Carol's need to monitor her network is strictly limited to Carol's needs.

In addition, we have the inter-network which as Einer Stefferud used to
remind us, isn't a network, it is a network of networks. And so the
communication graph is:

Alice <-> Internet <-> Carol <-> Internet <-> Bob

And that matters, because the primary concerns we are addressing in TLS are
the ones raised by that 'Internet' hop. The advantage of IPSEC over TLS is
that it allows us a much more closely targeted solution that locks down the
Internet hop without affecting anything else. The disadvantages of IPSEC...

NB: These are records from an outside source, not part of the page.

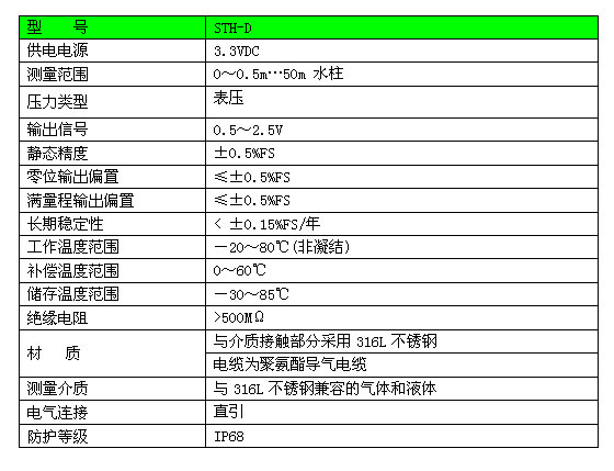 STH-D型低功耗液位傳感器是利用液位高度與壓力正比的關系,利用壓力檢測液位高度的變送器。 傳感器部分采用擴散硅敏感芯體,有穩(wěn)定性和可靠性,精度可選,過載壓力等特點,適合測量各種與316不銹鋼兼容的介質(zhì)。應用于消防、水泵、水處理系統(tǒng),海洋勘測述,水文監(jiān)測等。
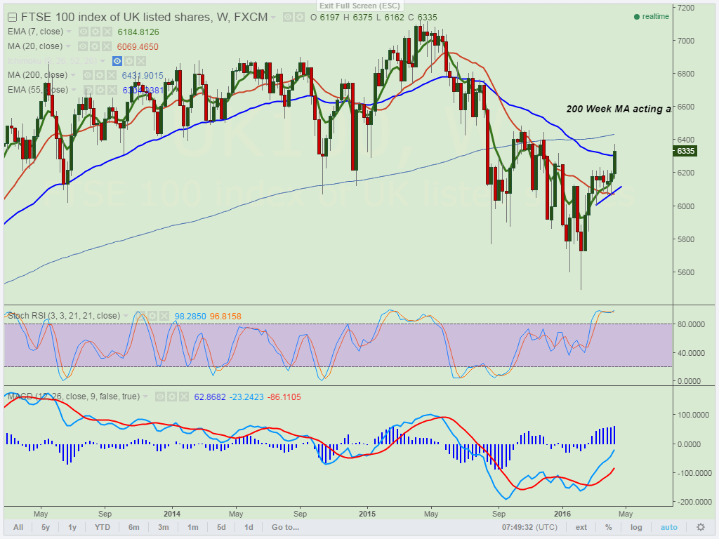- FTSE100 major support is around 6300 and break below targets 6230/6180/6110 in short term.
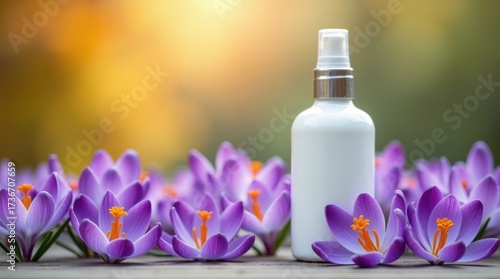 crocus, flower, purple, spring, nature, botanical, fragrance, perfume, cosmetic, skincare, beauty, organic, natural, essence, essential oil, serum, lotion, spray bottle, container, product, wellness, aroma, floral, garden, sunlight, warmth, season, bloom
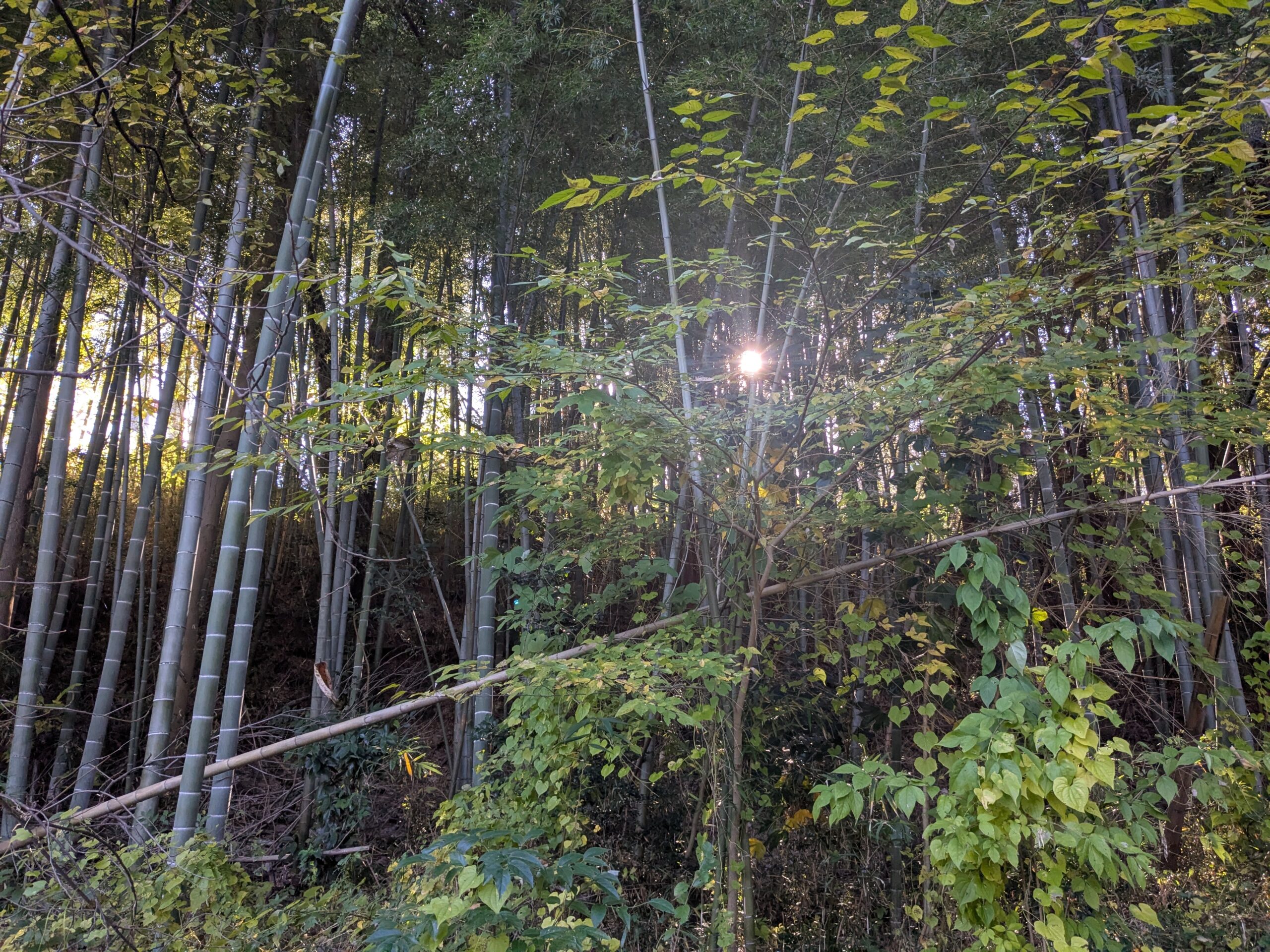 一基だけポツンと置かれています。一帯は木々がなく、手入れが行き届いている印象を受けます。そうはいっても下草は伸び放題ですし、倒れた木はそのまま放置されたままでした。藪の向こうから日光が届いていたので、近寄って見ると、急な斜面から竹が生えていました。
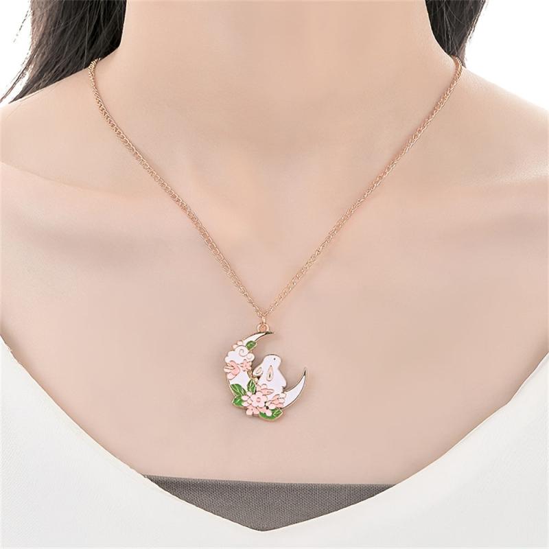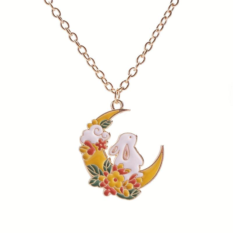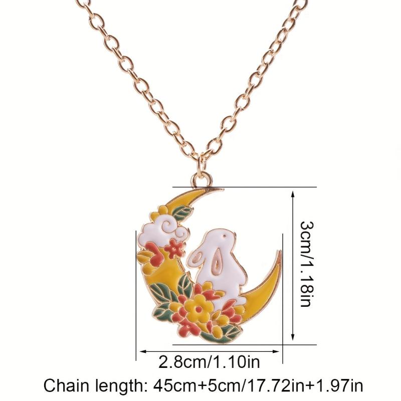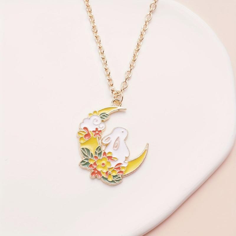 This elegant necklace features a Moon Rabbit pendant with intricate floral and heart accents. Made of durable zinc alloy in a golden tone, it is adjustable and suitable for daily wear or parties. A perfect gift for women.

So what I see happening at the moment is QUIC/TLS morphing into what IPSEC
was originally trying to do. Which is fine except that as EKR is point out,
this is compromising us at the upper layers. Which is where Shen and SHTTP
were originally intended to work.

I am actually planning to use three layers of encryption for Mesh services

Transport - (TLS) to provide traffic analysis resistance.
Presentation - (DARE) to authenticate client/server interactions
Data - To protect data at rest

The concern that Transport Layer Security inevitably creates is that any
scheme which provides any traction against traffic analysis is going to
make monitoring difficult because it is traffic analysis.

In summary, there is no way to square this circle because what
distinguishes traffic analysis attack from monitoring is intent and
machines can't tell the intent. And so if people want to expose information
at the lower layers, they are going to need to think about additional
layers of crypto being added at the top.